French Rapeseed Farmers Losing War on Bugs After Pesticide Ban

(Bloomberg) -- French farmers are getting so tired of beetles chomping on their rapeseed that some of them may decide to further shy away from the crop.

On top of last year’s drought that curbed French plantings to a 14-year low, bug attacks have become harder to fight amid a ban on certain pesticides. The situation has become so bad that 35% to 40% of this year’s crop will be lost in the Burgundy region in east-central France, said Francois Farges, deputy director at Cerevia, a union of cooperatives.

French Rapeseed Farmers Losing War on Bugs After Pesticide Ban

Rapeseed farmers in France, which vies with Germany as the European Union’s top producer, are facing bigger challenges in protecting crops from pests after an EU ban on neonicotinoids, insecticides linked to harming bees. If an adequate alternative solution isn’t found, growers will shy away from the crop in future, according to Vivescia, one of France’s top cooperatives.

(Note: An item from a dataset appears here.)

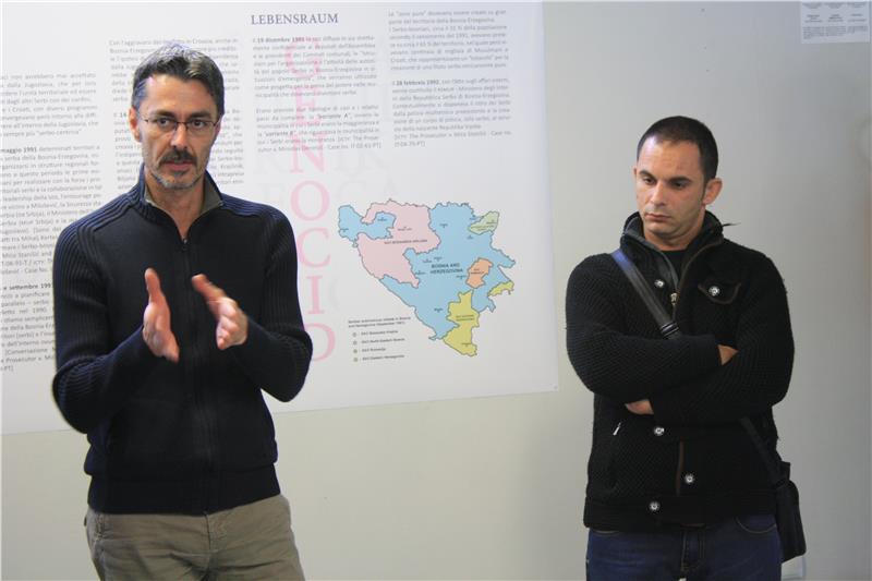 All’inaugurazione della mostra fotografica erano presenti questa mattina l’intendente scolastica, Nicoletta Minnei, la dirigente dell’istituto, Mirca Passarella, il docente Giovanni Accardo, che da anni è impegnato a far conoscere ai suoi studenti le vicende della guerra balcanica, l’autore della fotografie, Andrea Rizza Goldstein, e lo stesso Zijo Ribic, che all’epoca delle vicende aveva sete anni ed ora lavora come cuoco a Tuzla, un’altra città martire della pulizia etnica.

“In some areas around Dijon, where rapeseed has been sown for years, they have more and more problems with insects,” Vivescia Chairman Christoph Bueren said in a phone interview earlier this month. “This could be a long-term threat if we don’t find new pesticides.”

The EU banned some neonicotinoids in 2013 for use on rapeseed, sunflowers and corn, and last year widened restrictions to usage everywhere except greenhouses, expanding the impact to crops like sugar beet. Companies that make the pesticides, which include Bayer AG and Syngenta AG, have said the restrictions aren’t warranted.

Falling Output

The rapeseed woes aren’t confined to France. Agricultural cooperatives group DRV expects the smallest German harvest since 1998 and the European Commission forecasts the bloc’s output to fall 6.4% this year to 18.74 million tons. That means the EU will need large imports this year, seeking supplies mostly from Ukraine and Canada, Michel Portier, who heads French farm consultant Agritel, said this month.

Europe’s shrinking crop has helped support prices, with futures in Paris up about 5% from a low in early March to 367.50 euros ($418) a ton.

Growers in Vivescia’s area have lost 20% to 50% of their rapeseed fields, and many have replaced the crop with spring barley this season, Bueren said. In the long term, farmers who rotate between wheat, winter barley and rapeseed will try to add a fourth crop, he said.

“The trend would be to introduce more crops into the rotation,” said Philippe Heusele, president of lobby group France Export Cereales and general secretary of the French wheat growers association AGPB. “When you have three, you’re more endangered in a way and more exposed to this type of problem.”